References of previous work: Lo Curto A et al. (2011), Pitino L et al. (2011), Pitino I et al. (2010), Rodes L et al. (2014).
Case study:
Pitino I et al. (2010). Survival of Lactobacillus rhamnosus strains in the upper gastrointestinal tract. Food Microbiol; 27(8): 1121-1127. https://doi.org/10.1016/j.fm.2010.07.019
Background:
Lactobacillus rhamnosus species are commonly used as probiotics for food formulations. Research conducted by Pitino and colleagues at the University of Catania investigated the survival of L. rhamnosus using the Dynamic Gastric Model (DGM) for in vitro simulation of human gastric processing.
Methods:
Cell suspensions of six L. rhamnosus strains isolated from Pecorino cheese were prepared and added to water for digestion with the DGM. Using simulated gastric secretions, bile and pancreatic juice the DGM carried out digestion under adult fasted conditions, producing 6 samples over a total period of 78 minutes. Aliquots of each sample were then processed with duodenal digestion by incubating them at 37°C for 2 hours with hepatic mix and pancreatic enzyme solutions. Samples were taken throughout for viable cell counts using plating.
Results:
The study found all six L. rhamnosus strains could survive gastric digestion and gastric with duodenal digestion, despite a decreasing bacterial number in correlation with the pH. Additionally, three strains displayed strong recovery of up to 276%. Lactic acid production was also measured at each time point, indicating metabolic activity of the bacteria during digestion. The study highlights the use of the DGM for evaluating the viability of probiotic formulas.
The Dynamic Gastric Model can be used to assess health implications of food such as survival of allergenic proteins and determination of Glycaemic Index.
Reference of previous work: Ballance S et al. (2013).
The Dynamic Gastric Model can be used to understand the nutritional effects of food after gastric digestion such as bioavailability of nutrients and the behaviour of prebiotics.
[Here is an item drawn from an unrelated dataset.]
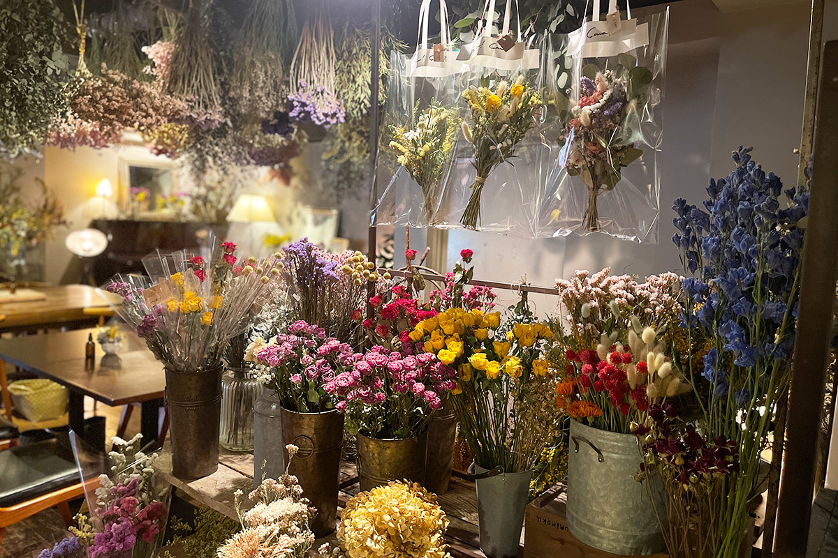 ダウンライトの落ち着いた店内には、天井やテーブルの上など、至る所にドライフラワーが。店内にあるドライフラワーの種類はなんと50以上。ひとたびお店に入れば一気に「Lecoin」の世界観に引き込まれます。

Reference from previous work: Edwards C H et al. (2021), Grassby T et al. (2017), Mandalari G et al. (2018), Mandalari G et al. (2013), Salt LJ et al. (2023). Thuenemann EC et al. (2015).
Case study:
Salt LJ et al. (2023). Mechanisms of interesterified fat digestibility in a muffin matrix using a dynamic gastric model. Food & Function, 14(22), 10232–10239. https://doi.org/10.1039/d3fo02963h
Background:
Trans-Fats have been linked to cardiovascular disease and as a result, interesterified (IE) fats are being used as alternatives in food production. IE fat is modified to create products wit reduced saturated fat content. Salt and colleagues at the Quadram Institute Bioscience investigated the health impacts of consuming IE fats, looking into the effect on digestibility, metabolism and uptake.
Methods:
Muffins were prepared with either IE or non-IE fats, both with an 80:20 mixture of palm stearin and palm kernel oil. Muffins prepared with rapeseed oil were used as a control. Muffins were digested with a simulated oral phase, followed by simulated gastric digestion in the Dynamic Gastric Model. The muffins were digested with simulated gastric acid and gastric enzyme solution, with samples taken every 14-minutes. Gastric samples measured at 14, 70 and 126 minutes were transferred to a duodenal phase by adding duodenal digestion solution, adjusting the pH to 7.0, adding porcine pancreatin and incubating for 2 hours. Samples of digested and undigested muffin were tested for lipolysis rates and visualised by microscopy.
Results:
The IE and non-IE fats showed differences in digestion to the control RO fat, but not to each other. Both the IE and non-IE fat were largely solid in the gastric phase and showed no significant difference in lipolysis rates. Suggesting interesterification of palm-based fats does not impact digestibility and absorption.